I could not see spending an extra $100 plus for something that is going to be out dated by next season... the color is nice but not that nice...:yikes:


----------



## hitechman (Feb 25, 2002)

eTrex Vista HCx here for $225 (no slaes tax).

http://www.gpsonsale.com/garmin/index.htm

Steve


----------



## Dead Bird (Oct 2, 2001)

that is a good price... I putting the extra $50 bucks into shells...:lol:


----------



## hitechman (Feb 25, 2002)

Wasn't trying to knock your choice--you got yourself a good unit. You could have gotten a better one, but you would have to have paid more or it. We all have to draw the line someplace.

My first unit was a GPS 72 (similar to the 12). After 4 years I upgraded, but I still have, and use, the 72.

You'll love that thing. I never leave home without mine.

Good luck and happy hunting.

Steve


----------



## hitechman (Feb 25, 2002)

I've had 3 PM'a today asking if I have purchased stuff from the place I linked above. The answer is yes. I always look for the best price and I have had GREAT service from the places listed below--I buy most of my stuff for GPS from these 3.
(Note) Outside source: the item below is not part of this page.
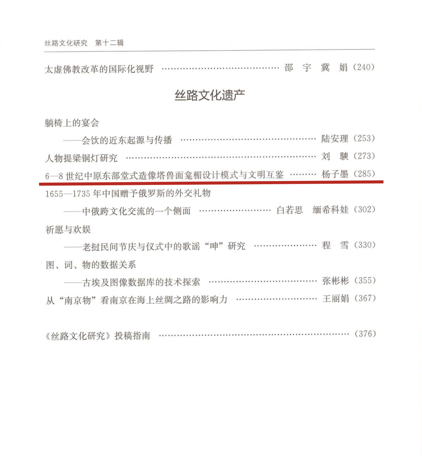 近日,《丝路文化研究》(CSSCI来源集刊)第十二辑刊发了齐鲁文化研究院副教授杨子墨的学术文章《6—8世纪中原东部堂式造像塔兽面龛楣设计模式与文明互鉴》,该文章是泰山学者工程专项经费资助课题(tstp20240508)、2024年度济南市市校融合发展战略工程项目“济南‘两河一湖’旅游文化名城建设产业学院”(JNSX2024017)的阶段性成果。

There are others....amazon.com, tigergps, etc that are good as well, and occasionally I purchase from them.

http://www.gpsnow.com/

http://www.gpsonsale.com

http://www.thegpsstore.com/Handheld-GPS-C2.aspx?gclid=CND-qP_H3I4CFQJsPAodrVSN9g

also buy a lot of accessories here: http://www.gpsgeek.com/products/12v...-iii-gps-v-gps-iii-60c-60-60cs-72-76-76c-76cs

As I said, there are other good places as well, but I've found the best prices, delivery, and service at these--why change?

Steve


----------